# WHAT YOU WILL DO
Please make sure what you return matches the listing below exactly, minus its pictures.

# AVAILABLE RECORDS
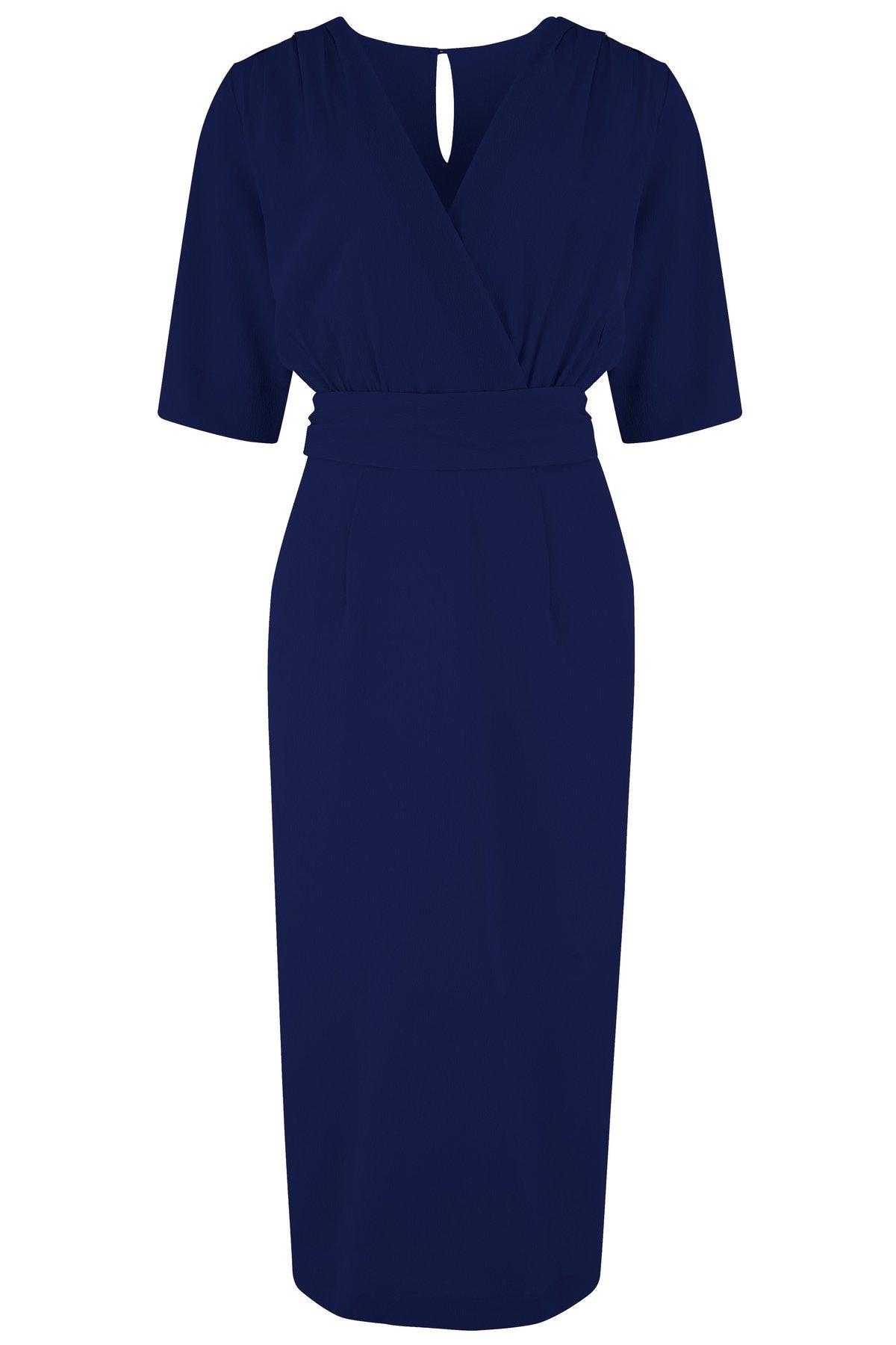 Unleash your inner vintage vixen with the Evelyn Wiggle Dress in Navy—an ode to classic glamour with a modern twist. Its figure-flattering silhouette, accented by a chic V-neck wrap-over and a wide sash belt, is designed to cling just right, ensuring you’re claws-down gorgeous. The mid-length sleeves and flirty slit add a dash of playful sophistication, while the charming keyhole at the back hints at subtle allure. Crafted from luxurious Poly Crepe, this dress drapes like a dream and feels whisper-soft against your skin, making every twirl an absolute delight. Whether you’re feeling a touch of 50s rockabilly rebellion or channeling vintage elegance, this versatile piece is your perfect partner for turning heads and stealing hearts.
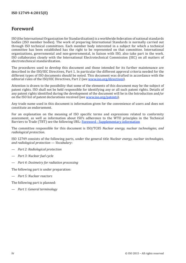 ISO 12749-4:2015 is a standard published by the International Organization for Standardization (ISO). Its full title is "Nuclear energy, nuclear technologies, and radiological protection — Vocabulary — Part 4: Dosimetry for radiation processing". This standard covers: ISO 12749-4:2015 lists unambiguous terms and definitions for concepts for dosimetry related to radiation processing using gamma radiation, X-radiation, or accelerated electrons. It is intended to facilitate communication and promote common understanding.
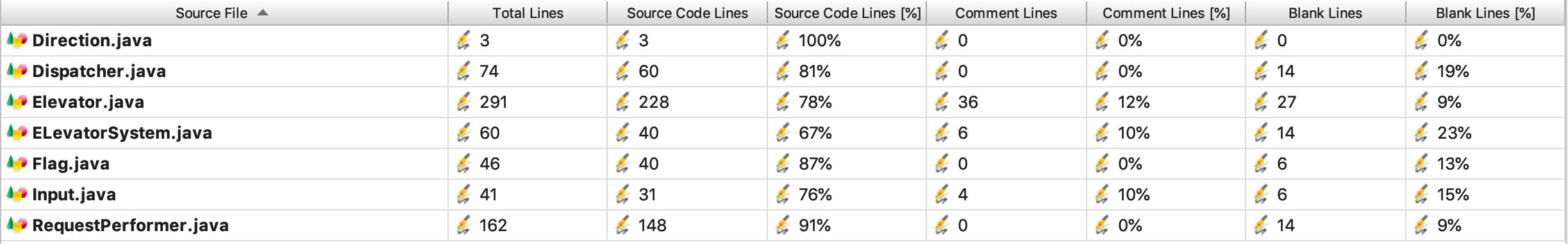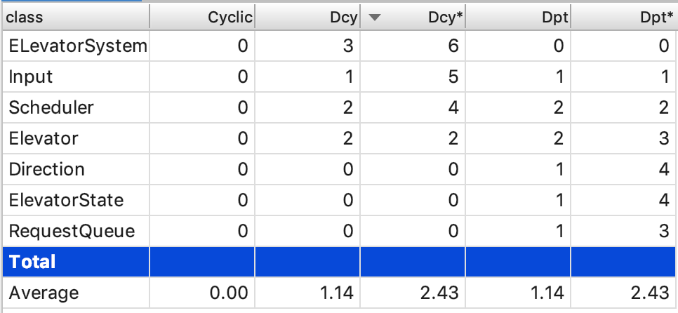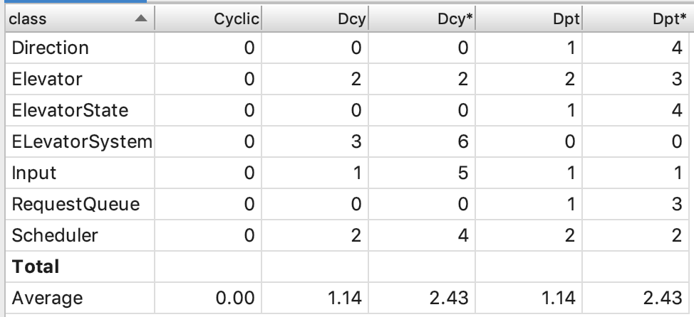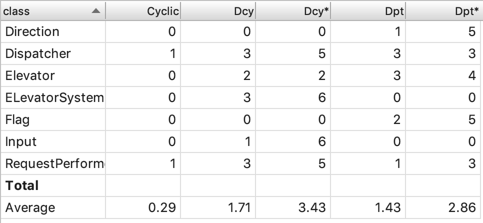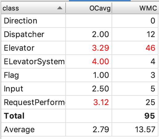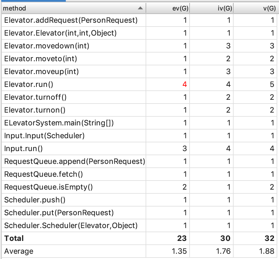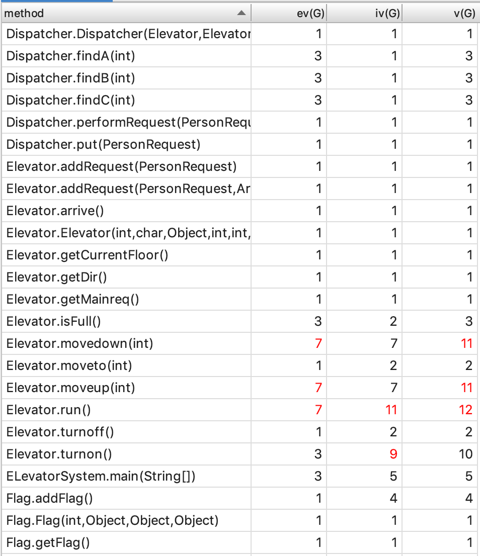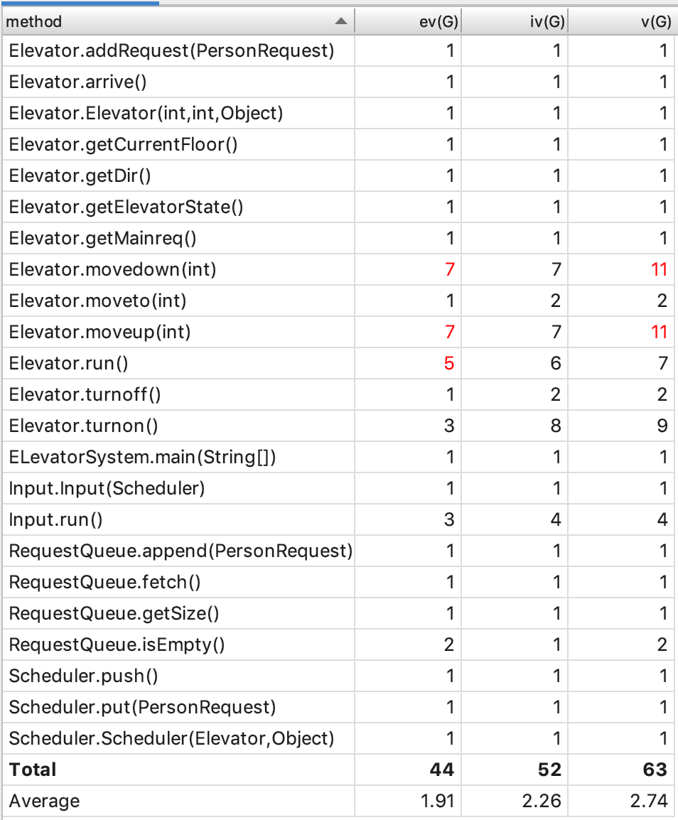 各个类的复杂度中,以Elevator类、main(ElevatorSystem)类和RequestPerform类较高。这也很科学,由于电梯和RequestPerform类各完成了调度一半的工作,其类的复杂度因此较高。而由于我被迫将Input类合并到main类中,导致该类复杂度也出现了问题。
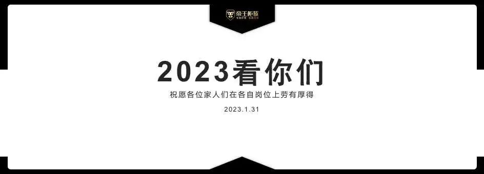 2023年的号角已经吹响,不拘于过往,才能突破自我,帝王柜族必定不忘初心,奋力拼搏!未来,让我们策马扬鞭,携手并进,共同见证帝王柜族扬帆起航,取得更辉煌的成绩!
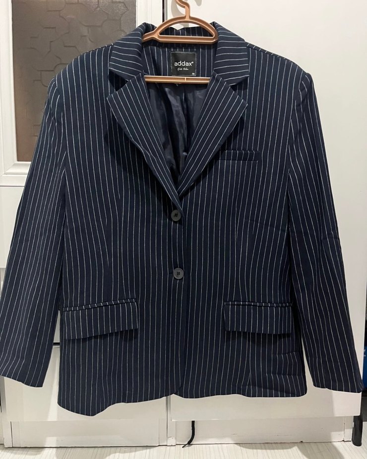Lacivert denim blazer, düğmeli ön ve kesik yaka detaylıdır. Uzun kollu, çizgili desene sahip, midi boy ve regular fit kesimdir. 1 defa giyildi ve yıkandı.Kusursuz bir ürün.Bol geldiği için satışta.Omuzlarında vatka mevcuttur.
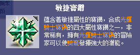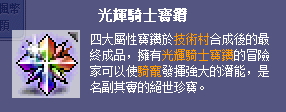 1.全伺服器狩獵怪物低機率獲得四大屬性寶鑽,集齊後可於萬能製作砧製作出光輝騎士寶鑽
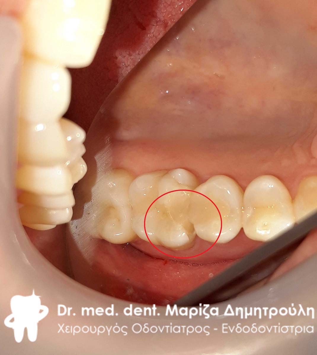 Η ασθενής είχε ένα παλιό σφράγισμα, το οποίο την πονούσε είτε όταν μασούσε είτε αυθόρμητα χωρίς την παρουσία κάποιου ερεθίσματος. Αποφασίστηκε η αφαίρεση του παλιού σφραγίσματος και η προσωρινή αποκατάσταση του δοντιού με ειδικό εμφρακτικό υλικό, το οποίο διαθέτει καταπραϋντική ιδιότητα. Εφόσον τα συμπτώματα της ασθενούς υποχώρησαν, πραγματοποιήθηκε σε δεύτερο ραντεβού η τελική αποκατάσταση του δοντιού με λευκό σφράγισμα σύνθετης ρητίνης.
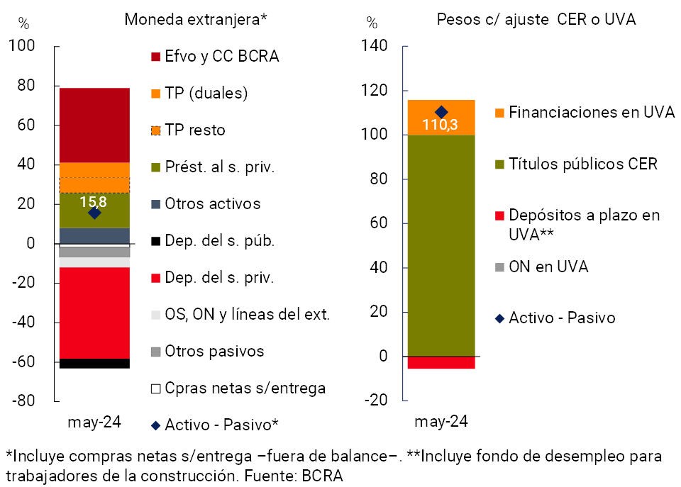 En un contexto en el cual el saldo de préstamos, títulos públicos y depósitos en moneda extranjera creció en el mes, el diferencial estimado entre activos y pasivos en dicha denominación10 aumentó en mayo 2 p.p. del capital regulatorio, hasta ubicarse en 15,8% (-16,8 p.p. i.a., ver Gráfico 5). Por su parte, el diferencial estimado entre las partidas del balance en pesos con ajuste de capital por CER (o que se pactan en UVA) se incrementó 5,4 p.p. de la RPC a nivel agregado en el mes, hasta totalizar 110,3% (+46 p.p. i.a.).
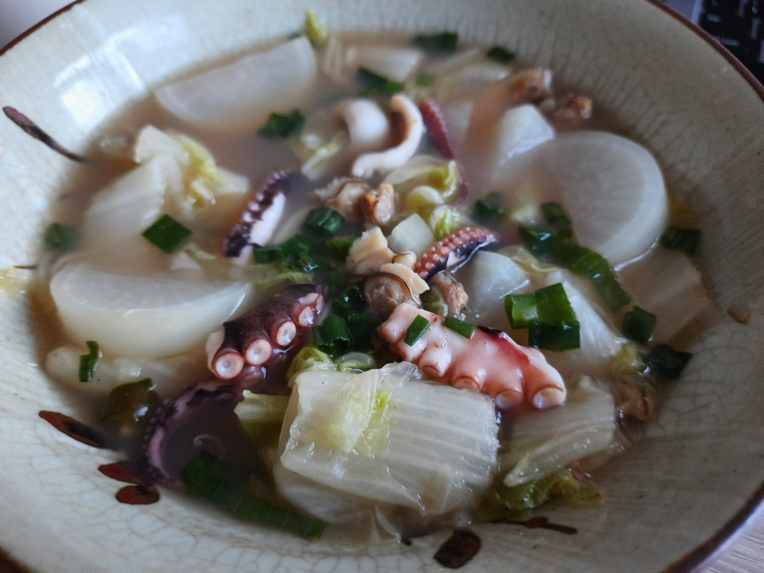 After 9 minutes, your delicious Yeonpotang is ready! Ladle it into bowls and garnish with thinly sliced green onions, if desired, for an even more appealing presentation. Enjoy the warm, refreshing broth and tender octopus. Enjoy your meal!
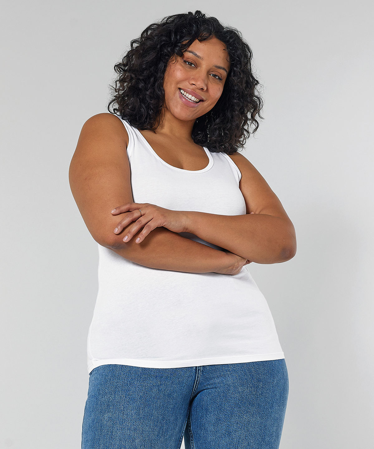 The iconic womens tank top is her ultimate wardrobe staple. A modern scoop neck tank top in 120gsm organic cotton, complete with narrow binding at the neck and armholes, with 3mm 2-needle top-stitching.

# EXPECTED ANSWER
 Unleash your inner vintage vixen with the Evelyn Wiggle Dress in Navy—an ode to classic glamour with a modern twist. Its figure-flattering silhouette, accented by a chic V-neck wrap-over and a wide sash belt, is designed to cling just right, ensuring you’re claws-down gorgeous. The mid-length sleeves and flirty slit add a dash of playful sophistication, while the charming keyhole at the back hints at subtle allure. Crafted from luxurious Poly Crepe, this dress drapes like a dream and feels whisper-soft against your skin, making every twirl an absolute delight. Whether you’re feeling a touch of 50s rockabilly rebellion or channeling vintage elegance, this versatile piece is your perfect partner for turning heads and stealing hearts.
 ISO 12749-4:2015 is a standard published by the International Organization for Standardization (ISO). Its full title is "Nuclear energy, nuclear technologies, and radiological protection — Vocabulary — Part 4: Dosimetry for radiation processing". This standard covers: ISO 12749-4:2015 lists unambiguous terms and definitions for concepts for dosimetry related to radiation processing using gamma radiation, X-radiation, or accelerated electrons. It is intended to facilitate communication and promote common understanding.
 各个类的复杂度中,以Elevator类、main(ElevatorSystem)类和RequestPerform类较高。这也很科学,由于电梯和RequestPerform类各完成了调度一半的工作,其类的复杂度因此较高。而由于我被迫将Input类合并到main类中,导致该类复杂度也出现了问题。
 2023年的号角已经吹响,不拘于过往,才能突破自我,帝王柜族必定不忘初心,奋力拼搏!未来,让我们策马扬鞭,携手并进,共同见证帝王柜族扬帆起航,取得更辉煌的成绩!
Lacivert denim blazer, düğmeli ön ve kesik yaka detaylıdır. Uzun kollu, çizgili desene sahip, midi boy ve regular fit kesimdir. 1 defa giyildi ve yıkandı.Kusursuz bir ürün.Bol geldiği için satışta.Omuzlarında vatka mevcuttur.
 1.全伺服器狩獵怪物低機率獲得四大屬性寶鑽,集齊後可於萬能製作砧製作出光輝騎士寶鑽
 Η ασθενής είχε ένα παλιό σφράγισμα, το οποίο την πονούσε είτε όταν μασούσε είτε αυθόρμητα χωρίς την παρουσία κάποιου ερεθίσματος. Αποφασίστηκε η αφαίρεση του παλιού σφραγίσματος και η προσωρινή αποκατάσταση του δοντιού με ειδικό εμφρακτικό υλικό, το οποίο διαθέτει καταπραϋντική ιδιότητα. Εφόσον τα συμπτώματα της ασθενούς υποχώρησαν, πραγματοποιήθηκε σε δεύτερο ραντεβού η τελική αποκατάσταση του δοντιού με λευκό σφράγισμα σύνθετης ρητίνης.
 En un contexto en el cual el saldo de préstamos, títulos públicos y depósitos en moneda extranjera creció en el mes, el diferencial estimado entre activos y pasivos en dicha denominación10 aumentó en mayo 2 p.p. del capital regulatorio, hasta ubicarse en 15,8% (-16,8 p.p. i.a., ver Gráfico 5). Por su parte, el diferencial estimado entre las partidas del balance en pesos con ajuste de capital por CER (o que se pactan en UVA) se incrementó 5,4 p.p. de la RPC a nivel agregado en el mes, hasta totalizar 110,3% (+46 p.p. i.a.).
 After 9 minutes, your delicious Yeonpotang is ready! Ladle it into bowls and garnish with thinly sliced green onions, if desired, for an even more appealing presentation. Enjoy the warm, refreshing broth and tender octopus. Enjoy your meal!
 The iconic womens tank top is her ultimate wardrobe staple. A modern scoop neck tank top in 120gsm organic cotton, complete with narrow binding at the neck and armholes, with 3mm 2-needle top-stitching.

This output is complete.